* _Exercise instructions_:
All that is wanted is the lines from the first line of the listing below through the line containing "Add a touch", written out exactly with pictures left out.

** Opening Given information block **

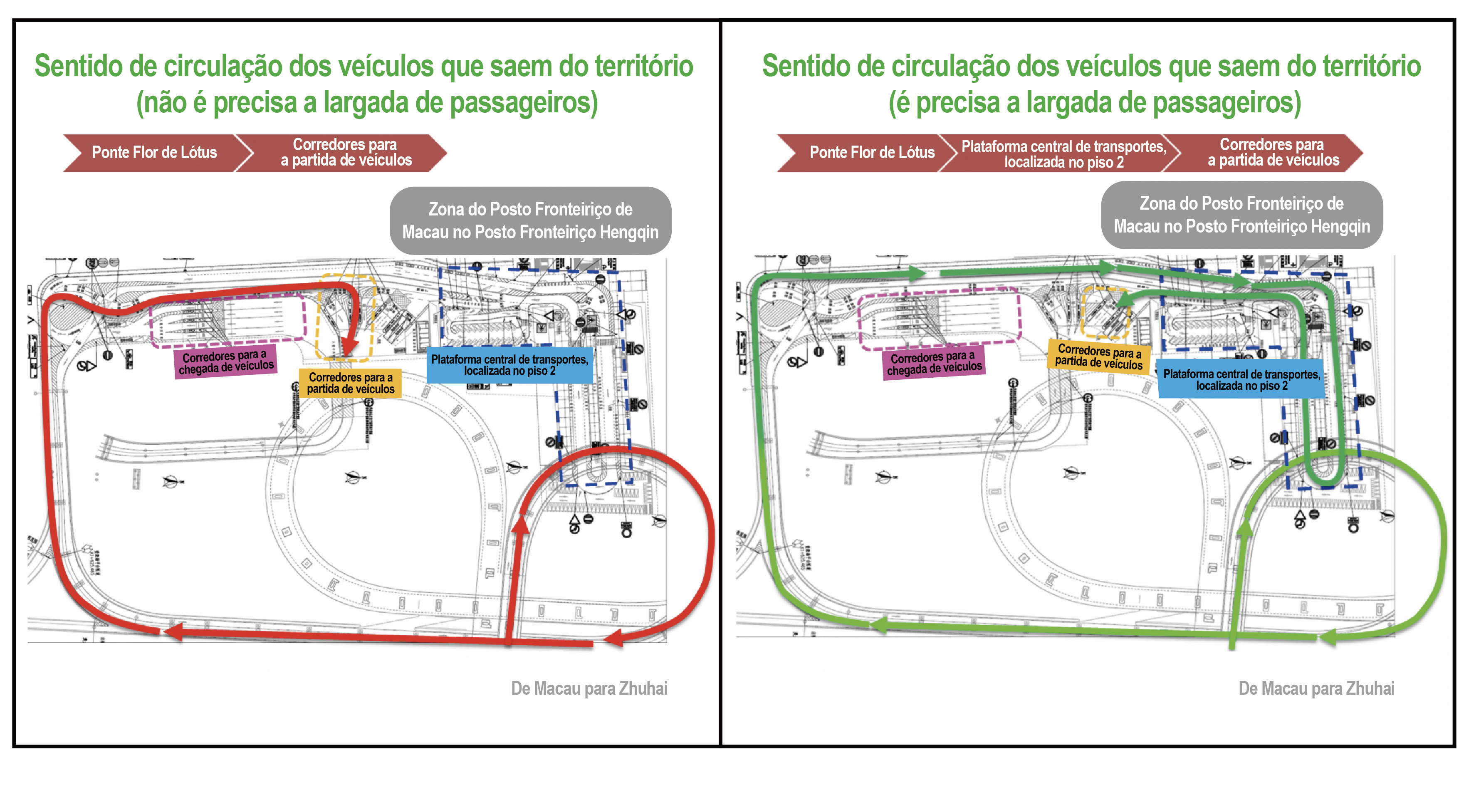 Considerando que os corredores permanentes continuam em obras, após negociações entre as partes, decidiu-se autorizar apenas, nesta fase, a passagem dos veículos com dupla matrícula de Guangdong e Macau, com matrícula de Hengqin e alguns veículos de transporte de mercadorias autorizados (transporte de substâncias perigosas e químicas) nos corredores provisórios. E a fim de garantir a eficácia na passagem fronteiriça, para além do apoio aos indivíduos com necessidades especiais, tais como os portadores de deficiência, mulheres grávidas, crianças de 10 anos de idade ou inferior, idosos de 70 anos de idade ou superior, não será permitida a passagem fronteiriça a turistas em veículos nos corredores de entrada/saída provisórios para veículos. Além disso, os veículos de passageiros que partem de Macau para Zhuhai, devem proceder à largada de passageiros na plataforma modal de transportes, no piso 2 do posto fronteiriço, antes de se dirigir aos corredores das partidas (vide figura 2).
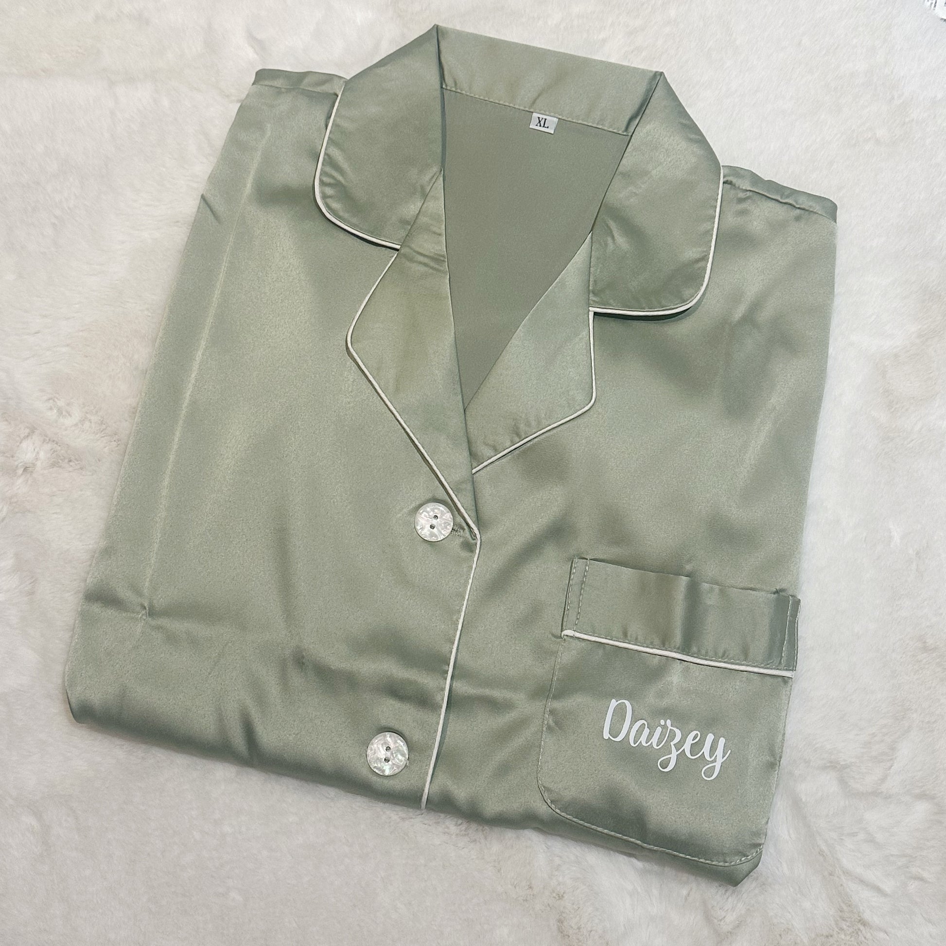 Add a touch of glamour with this beautiful soft satin pyjama set in a beautiful sage green colour.
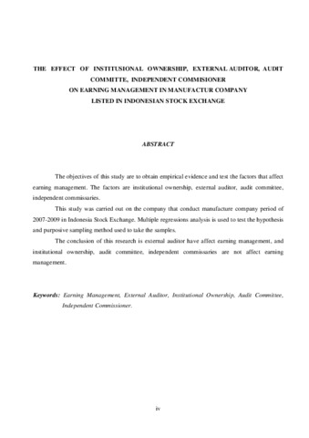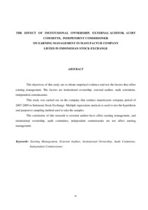 The objectives of this study are to obtain empirical evidence and test the factors that affect earning management. The factors are institutional ownership, external auditor, audit committee, independent commissaries. This study was carried out on the company that conduct manufacture company period of 2007-2009 in Indonesia Stock Exchange. Multiple regressions analysis is used to test the hypothesis and purposive sampling method used to take the samples. The conclusion of this research is external auditor have affect earning management, and institutional ownership, audit committee, independent commissaries are not affect earning management
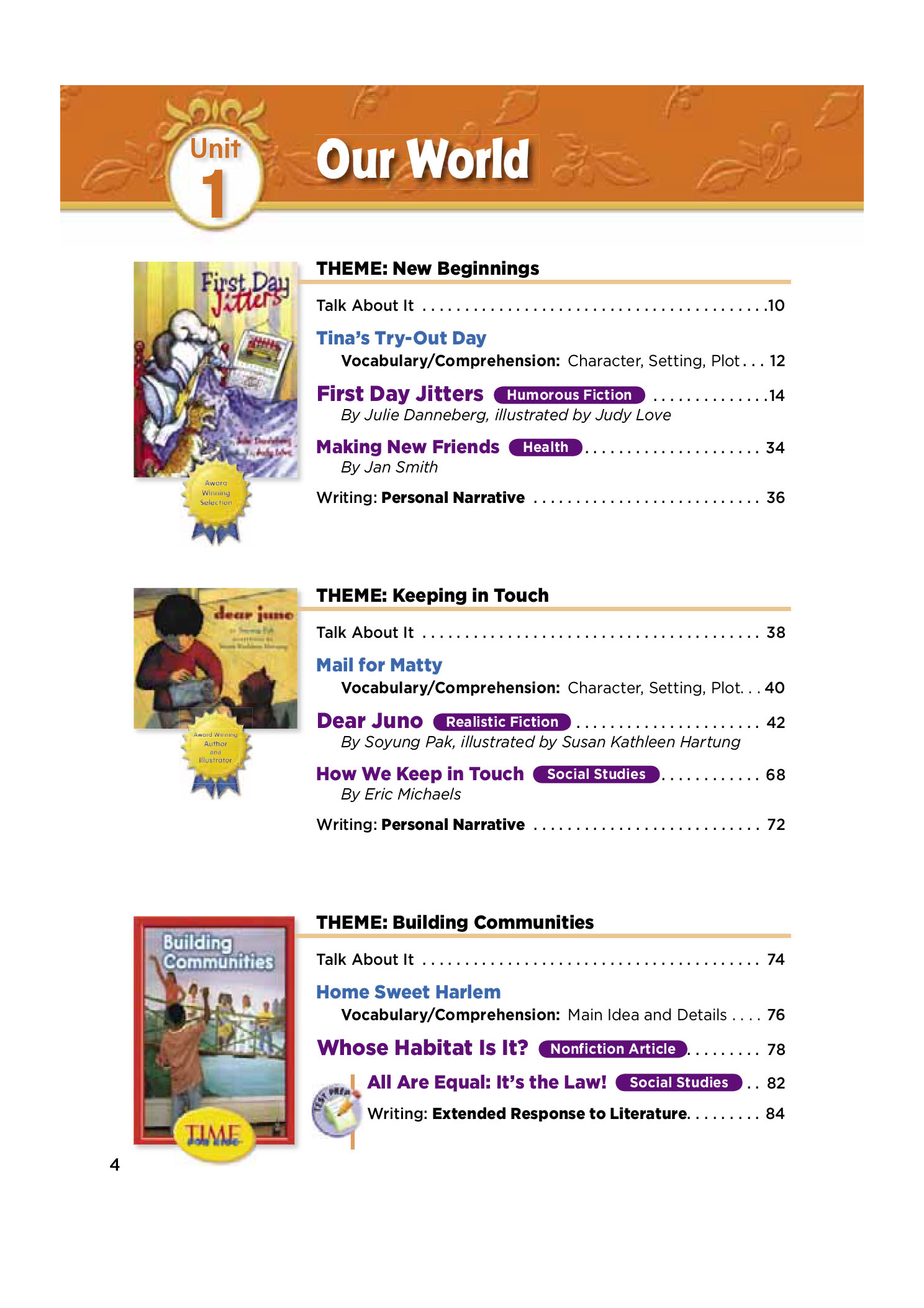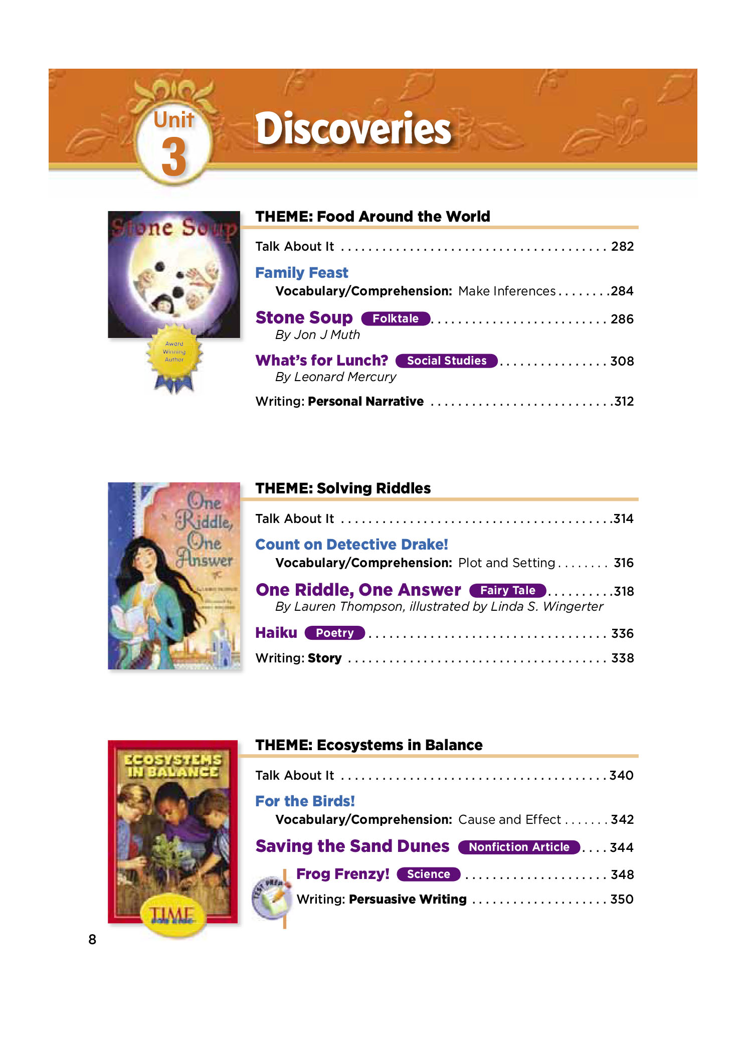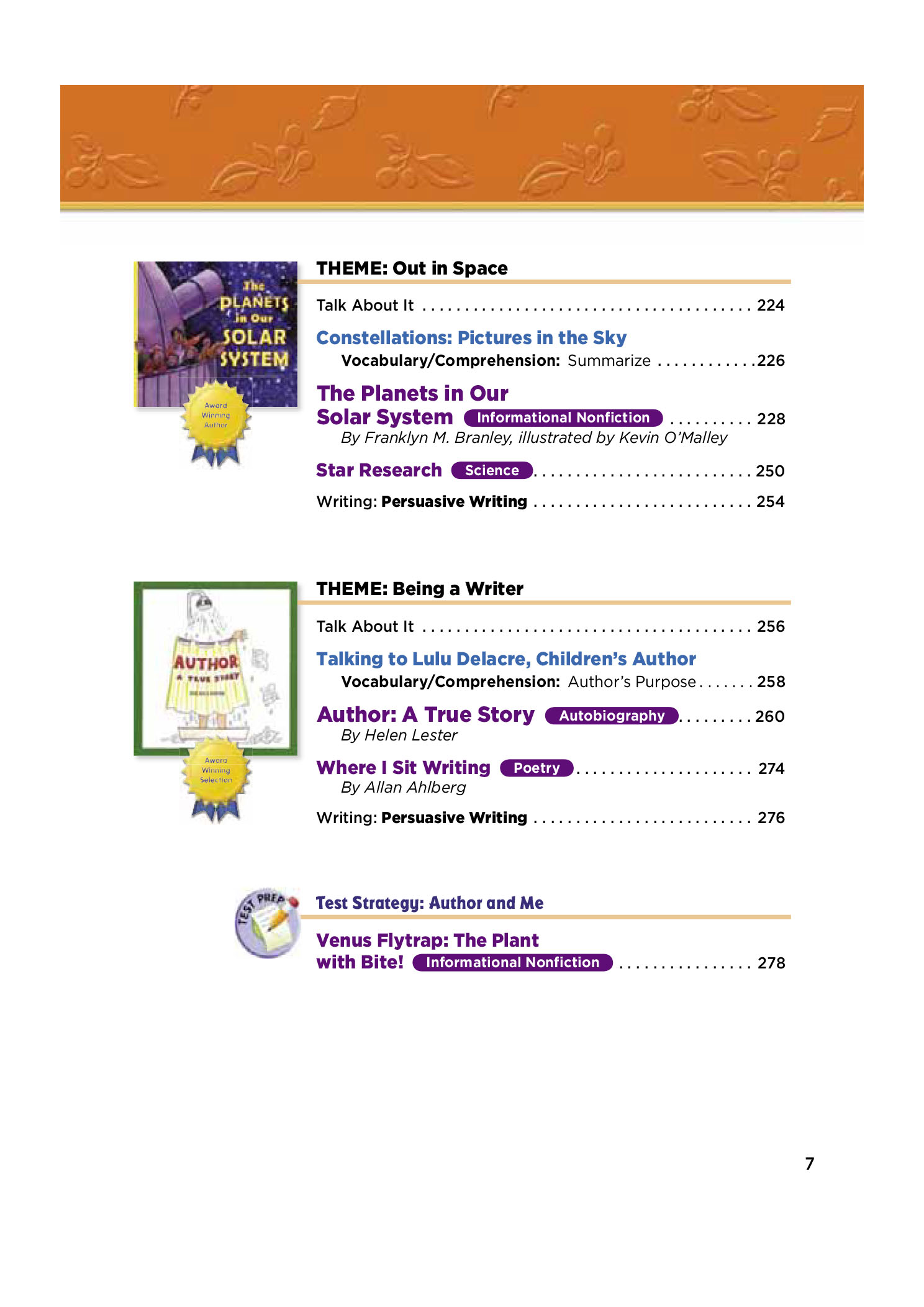 "Treasures" provides pupils with engaging literature, an emphasis on nonfiction and a strong focus on comprehension, vocabulary and fluency helping them to be successful readers and test-takers. "Treasures" also offers phonics, spelling, grammar and writing integrated into all differentiated reading and instructional materials to help make learning meaningful.

** Closing Given information block **

* _Answer to this exercise_:
 Considerando que os corredores permanentes continuam em obras, após negociações entre as partes, decidiu-se autorizar apenas, nesta fase, a passagem dos veículos com dupla matrícula de Guangdong e Macau, com matrícula de Hengqin e alguns veículos de transporte de mercadorias autorizados (transporte de substâncias perigosas e químicas) nos corredores provisórios. E a fim de garantir a eficácia na passagem fronteiriça, para além do apoio aos indivíduos com necessidades especiais, tais como os portadores de deficiência, mulheres grávidas, crianças de 10 anos de idade ou inferior, idosos de 70 anos de idade ou superior, não será permitida a passagem fronteiriça a turistas em veículos nos corredores de entrada/saída provisórios para veículos. Além disso, os veículos de passageiros que partem de Macau para Zhuhai, devem proceder à largada de passageiros na plataforma modal de transportes, no piso 2 do posto fronteiriço, antes de se dirigir aos corredores das partidas (vide figura 2).
 Add a touch of glamour with this beautiful soft satin pyjama set in a beautiful sage green colour.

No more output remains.